The gist of which is that if any company proposal to alter the fact that each share has an equal claim on earnings can only go through if the DWHA shareholders approve it separately from the DWHT shareholders (and they can vote about it despite normally being non-voters). This is of course an important safeguard for DWHA shareholders - without it, the DWHT shareholders could push through changes to section 6.1.3 to give themselves greater claims to the company's earnings at the expense of the DWHA shareholders without the latter being able to do anything about it.

That includes any proposal to consolidate the two classes of share unless it's done on a straight 1-for-1 basis, and also any proposal to amend the Articles of Association by altering that section 8.1 safeguard.

Of course, any proposed consolidation is extremely unlikely to be on a 1-for-1 basis - that would involve the DWHT shareholders (and the Dewhurst family in particular) giving up control of the company for no benefit to themselves. But they'll have to get the DWHA shareholders' consent to the amount of benefit they get to compensate them for their loss of company control - otherwise the consolidation won't go through.

Equally, though, I should amend my statement in my last post that "And with the share price ratio currently being about 4 times, you'd expect their fractions of the consolidated share capital to be in the ratio 4:1.44, or about 73.5%:26.5%.". My thinking at the time I made it was influenced by what I know of the Takeover Code: its Rule 14 basically requires that a bidder for Dewhurst splits their offer between the two classes on that sort of basis. But would a consolidation on that sort of basis pass its vote at a meeting of DWHA shareholders? I doubt it...

So I think a realistic consolidation proposal would have to be on some sort of compromise basis between "1 DWHT share = 1 DWHA share" (which will clearly be unacceptable to DWHT shareholders) and "1 DWHT share = ~4 DWHA shares" (which I very much doubt would be acceptable to DWHA shareholders) if it's to stand any chance of being approved by both DWHT and DWHA shareholders. (And just to be clear, it would need approval by separate meetings of the two classes of shareholder: DWHT shareholders won't be able to vote in the DWHA meeting any more than DWHA shareholders can vote in the DWHT meeting).

But whether there is such a compromise to be found, I don't know, nor do I have any idea what its basis would be if it could.


Hi Glen

The non voters would be significantly worse off if a consolidation were to take place today on the terms Gengulphus has highlighted.
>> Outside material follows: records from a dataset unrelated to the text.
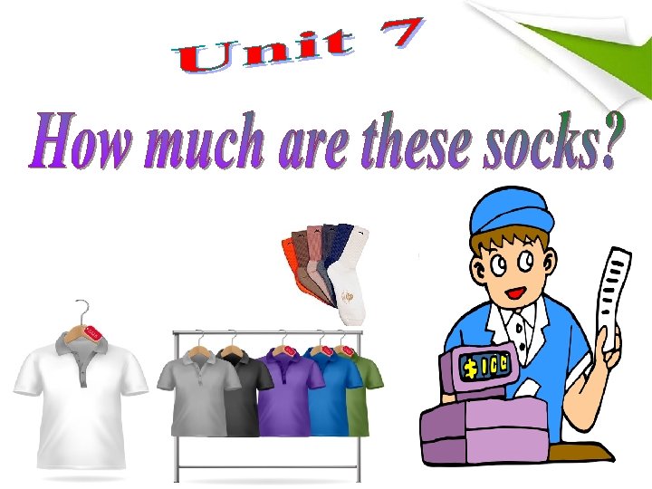 三、单项选择 1. —The T-shirt is only ten dollars? A —I’ll ____ it. A. take B. sale C. sell 2. — Can I help you? —_____. C A. I’m sorry. B. Thank you. C. Yes, please. I want a skirt. 3. We have sweater _____ green, red and yellow C ______ only 18 dollars. A. at, to B. on, in C. in, for 4. How much ______ those socks? B A. is B. are C. do
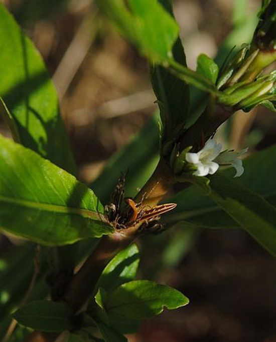 Описание: Имеет длинные большие листья. Стебель в поперечном разрезе либо круглый, либо граненный, маловетвистый, толщиной от 1,5 до 5 мм. Держится листовая пластинка на коротком черешке 1 - 2 см, расположены листья крестообразно-супротивно, окрашены в сочно-зеленый цвет.
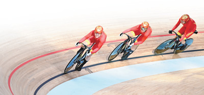 Chinese athletes compete in the women's team sprint track cycling at the 19th Asian Games on Sept. 26, 2023. (People's Daily/Wang Liang)
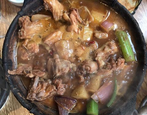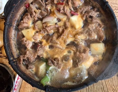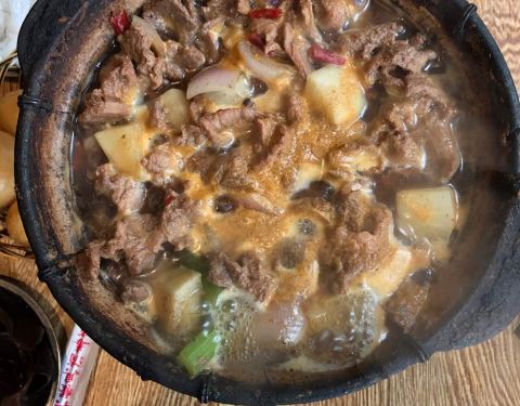 来了好几次了这次终于想起来写点评哈哈!大热天吃鸡公煲也是真爱了,小店环境很嘈杂很乱,桌子地面也很油,但是生意超好,6、7点阿里基本上都要等位了。因为不吃兔子和牛蛙,也不爱吃鸡,所以就点了牛肉煲和排骨...

Just to argue against myself: non-voters are 57% of all shares. If both classes traded at say £10 then each share has an equal claim on earnings. However if the non-voters end up with a only a say 26% claim on overall earnings. That could indeed be a problem. Hmm.
Thank you Arthur - I see your point. But who has been buying the voters. If it's a family member or other major shareholders wouldn't they have to issue a notice if they buy an additional 1%?

At 24% - 26% of overall Mcap (thanks Gengulphus) the current non-voters end up in about the same economic position as now? Or have I got that wrong?


coolen - Cakebread Robey was another example of value disparity being attached to non voting shares; in that case when taken over by Jewson some 20 years ago. Ironically I seem to recall that being discussed as a case in point on one of the Dewhurst threads some time ago.